Reproduce the records below exactly as they appear, omitting any pictures they contain.

> [Extracted records]
-*-

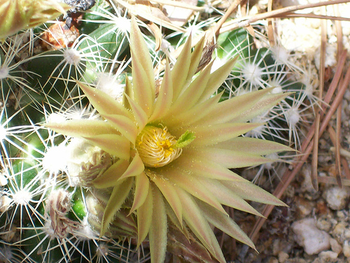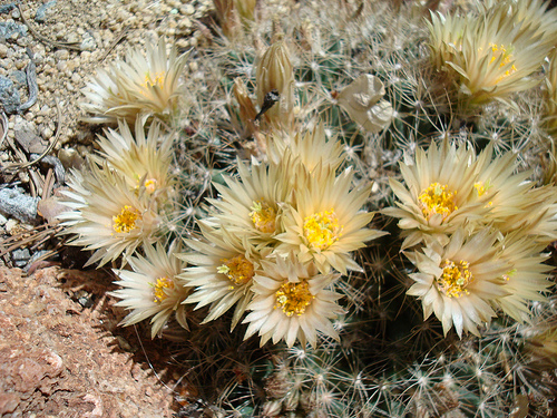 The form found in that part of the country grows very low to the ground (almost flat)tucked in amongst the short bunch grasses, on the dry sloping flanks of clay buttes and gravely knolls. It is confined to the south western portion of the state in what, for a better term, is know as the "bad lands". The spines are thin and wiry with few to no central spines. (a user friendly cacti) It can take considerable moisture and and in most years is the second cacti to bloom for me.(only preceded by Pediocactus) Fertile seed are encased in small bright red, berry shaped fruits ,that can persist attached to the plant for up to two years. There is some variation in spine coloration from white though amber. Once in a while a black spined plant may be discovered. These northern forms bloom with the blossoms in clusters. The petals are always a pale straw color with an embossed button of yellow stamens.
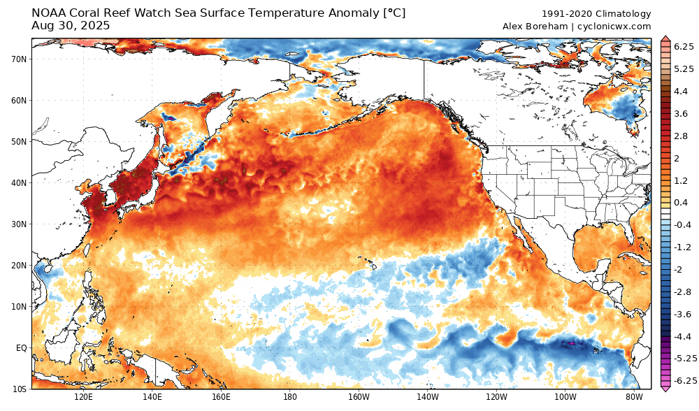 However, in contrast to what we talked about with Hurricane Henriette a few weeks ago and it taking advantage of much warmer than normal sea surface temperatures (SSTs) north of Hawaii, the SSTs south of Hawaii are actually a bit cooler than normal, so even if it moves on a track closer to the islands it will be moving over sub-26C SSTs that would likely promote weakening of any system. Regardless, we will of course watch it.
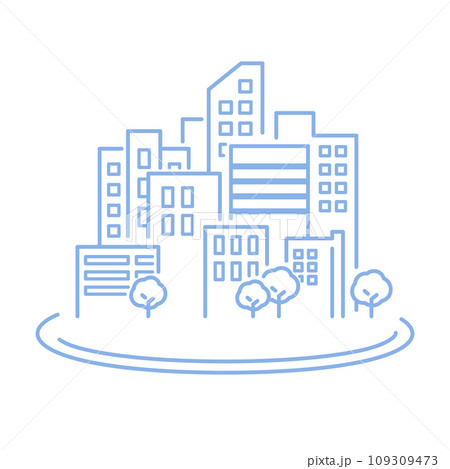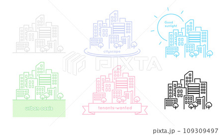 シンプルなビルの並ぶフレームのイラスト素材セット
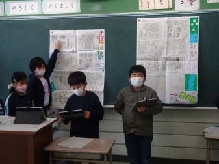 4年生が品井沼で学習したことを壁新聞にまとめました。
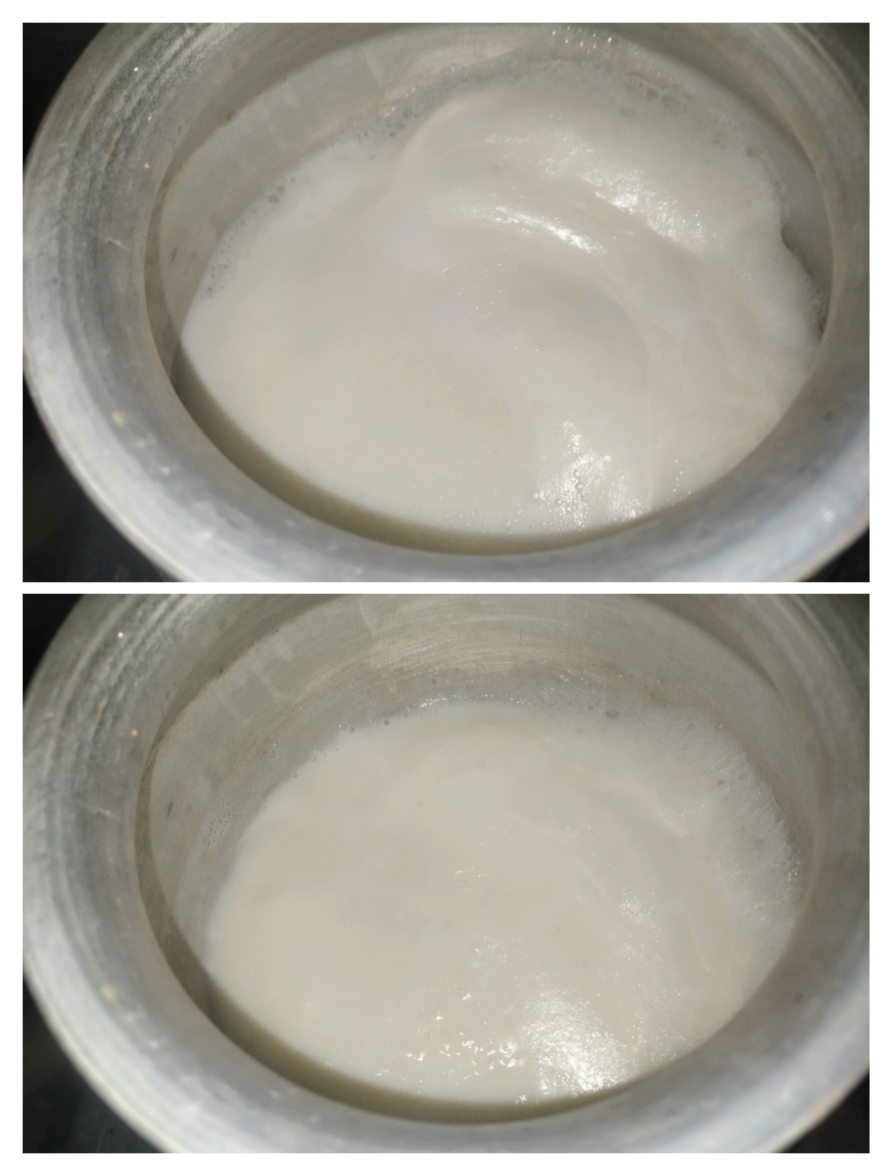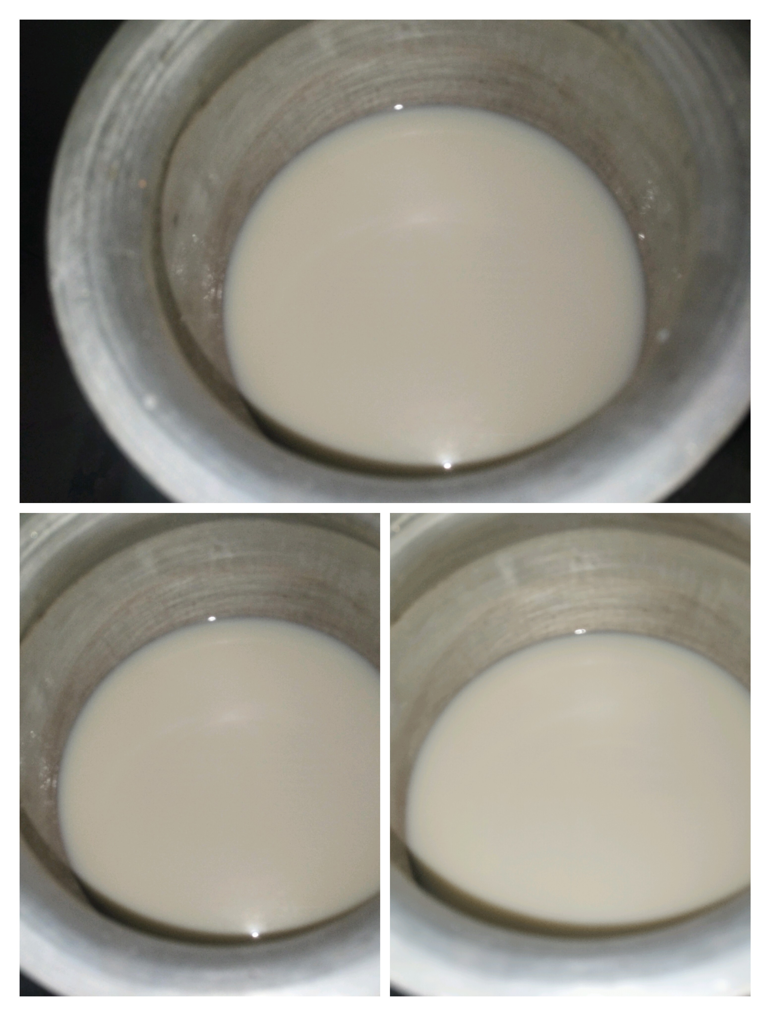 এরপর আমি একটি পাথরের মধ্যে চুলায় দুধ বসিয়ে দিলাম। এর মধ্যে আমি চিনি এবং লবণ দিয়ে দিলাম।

-*-

> [Reply to the exercise]
 The form found in that part of the country grows very low to the ground (almost flat)tucked in amongst the short bunch grasses, on the dry sloping flanks of clay buttes and gravely knolls. It is confined to the south western portion of the state in what, for a better term, is know as the "bad lands". The spines are thin and wiry with few to no central spines. (a user friendly cacti) It can take considerable moisture and and in most years is the second cacti to bloom for me.(only preceded by Pediocactus) Fertile seed are encased in small bright red, berry shaped fruits ,that can persist attached to the plant for up to two years. There is some variation in spine coloration from white though amber. Once in a while a black spined plant may be discovered. These northern forms bloom with the blossoms in clusters. The petals are always a pale straw color with an embossed button of yellow stamens.
 However, in contrast to what we talked about with Hurricane Henriette a few weeks ago and it taking advantage of much warmer than normal sea surface temperatures (SSTs) north of Hawaii, the SSTs south of Hawaii are actually a bit cooler than normal, so even if it moves on a track closer to the islands it will be moving over sub-26C SSTs that would likely promote weakening of any system. Regardless, we will of course watch it.
 シンプルなビルの並ぶフレームのイラスト素材セット
 4年生が品井沼で学習したことを壁新聞にまとめました。
 এরপর আমি একটি পাথরের মধ্যে চুলায় দুধ বসিয়ে দিলাম। এর মধ্যে আমি চিনি এবং লবণ দিয়ে দিলাম।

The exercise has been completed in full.